Маргарита верит в творческое могущество мастера: «— Я ничего не боюсь, Марго, — вдруг ответил ей мастер и поднял голову и показался ей таким, каким был, когда сочинял то, чего никогда не видал, но о чем наверно знал, что оно было…» И Булгаков верит в творческое могущество человека, если этот человек — мастер.

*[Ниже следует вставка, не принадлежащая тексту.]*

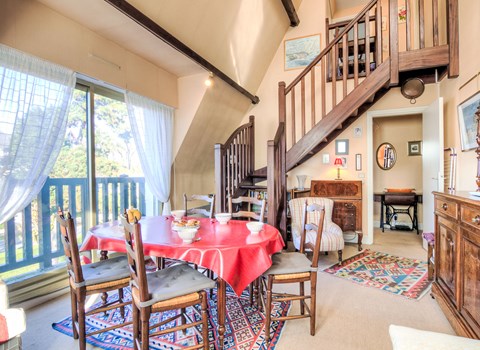 Die Wohnung besteht aus- im ersten Stock:einem Hauptraum mit einer voll ausgestatteten Küche und einem Wohnbereich, der auf eine Loggia führt, die wiederum auf das Tal führt, einem Schlafzimmer (mit einem Bett von 160 x 200 cm), einem Duschbad und einem separaten WC - im zweiten Stock: einem Schlafzimmer im Zwischengeschoss (20 m2) mit Duschbad und WC.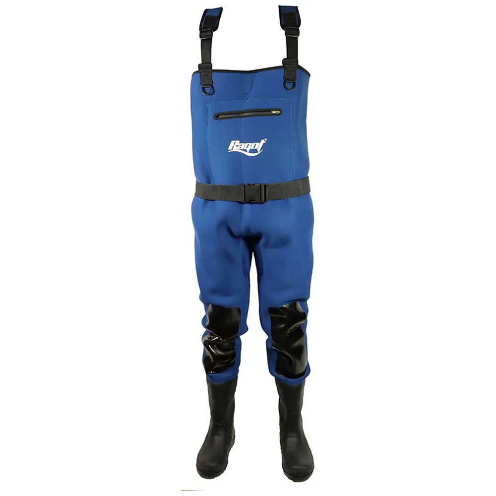 The high-end RAGOT with a high quality neoprene with a thickness of 4mm that can withstand the cold. This waders also offers a more advanced manufacturing process with the different parts assembled by thermos-welding on all seams, more comfortable and more durable waterproofing over time. the inner neoprene is integral and goes to the end of each boot. This product is equipped with a zip ventral pocket to secure the keys or papers. Adjustable straps very comfortable and equipped with 2 rings to attach accessories. Comes with a clip detachable belt. Finally, the new protections placed on the knees make it possible to extend the life of these waders, by strengthening the areas subjected to friction, without weighing it down and without hindering the freedom of movement at the level of the joint.

Как верит во всепобеждающую силу любви, если любящая женщина — Маргарита.
Главное доказательство А. В. Кураева в пользу его (и М. М. Дунаева) прочтения романа — то, что все «древние» главы этого романа написаны, по его мнению, в одном стиле («одним пером») и, следовательно, Воландом.
Ну, кто же спорит: все главы романа «Мастер и Маргарита», включая «древние», действительно написаны «одним пером» — точнее, то написаны, то надиктованы, — но не Воландом, конечно, а Михаилом Булгаковым, сочинившим и Воланда, и мастера, и своего собственного Пилата, и многое другое — от времен Мольера до пушкинских времен, от Парижа Мольера до Парижа Чарноты, о молодом, еще не отравленном властью Сталине и о многом, чего «никогда не видал, но о чем наверно знал, что оно было…»
В сюжете романа «Мастер и Маргарита» мастер никогда раньше не встречался с Воландом. Воланд узнает о нем от Маргариты («Я хочу, чобы мне сейчас же, сию секунду, вернули моего любовника, мастера»). Правда, узнает сразу и все — ему труда на это не требуется. И просматривает роман — сразу и весь — уже после своего бала. Ни в каком анти-Евангелии он не нуждается: свидетель События — в романе — он и так лучше всех знает, что там произошло на самом деле. И свою фантастическую «черную мессу» — с жертвоприношением доносчика и претворением крови доносчика в вино — творит сам, от замысла до осуществления. Предположить, что ему нужна для этого помощь мастера, смешно…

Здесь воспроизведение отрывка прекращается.